Жалко, хороший был мужик… Честный, умный, ответственный. Сына любил, и жену тоже. Магию только недолюбливал — и, как выяснилось, правильно делал. Словно предчувствовал, чем всё закончится.
— Не верил ты мне никогда. Не верил, что я злой и страшный серый волк. Вот и поплатился.
— Ненавижу тебя! — всхлипнул Тимур. — Ненавижу! Надеюсь, ты будешь умирать долго и мучительно!
— Непременно. — Людвиг потёр ноющий бок. Улыбнулся (скорее оскалился, продемонстрировав клыки). Полюбовался на захлопнувшуюся дверь. И тихонько повторил: — Непременно. Если только не найду способ удрать из этого прекрасного места.
После встречи с Тимуром умирать расхотелось.
Возможно, потому что мальчишка выглядел парадоксально живым. Может, ненависть придала сил, или Диана вразумила, или просто в голове что-то щёлкнуло, но он не замкнулся в себе, не ударился в самокопание и даже на мост не полез. Или полез, посидел там пару часов — а потом благополучно спустился и пошёл дальше.
Ему было плохо, больно, тяжело, непонятно — но он готов был идти и как-то жить эту жизнь. А значит — всё получилось!
Так с чего Людвигу хоронить себя заживо? Так недолго и каким-нибудь боггартом стать!

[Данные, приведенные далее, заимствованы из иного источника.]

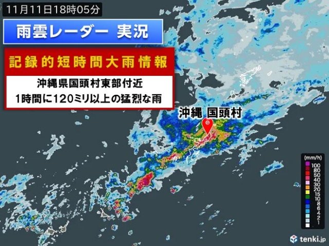 沖縄県国頭村東部付近では、今日11日午後6時までの1時間に120ミリ以上の猛烈な雨が降ったとみられ、「記録的短時間大雨情報」が発表されました。

Кстати, боггарт! Как он там, бедолага, без еды? Такой шведский стол пропускает!
План пришёл в голову внезапно и сперва казался бредовым. Или, скорее, очень шатким, зыбким, а местами — и вовсе идущим вразрез с последними магическими исследованиями, уверяющими, что посмертные сущности не способны самостоятельно мыслить и принимать решения. Мол, все их действия — лишь отражение поступков, совершённых в прошлой жизни.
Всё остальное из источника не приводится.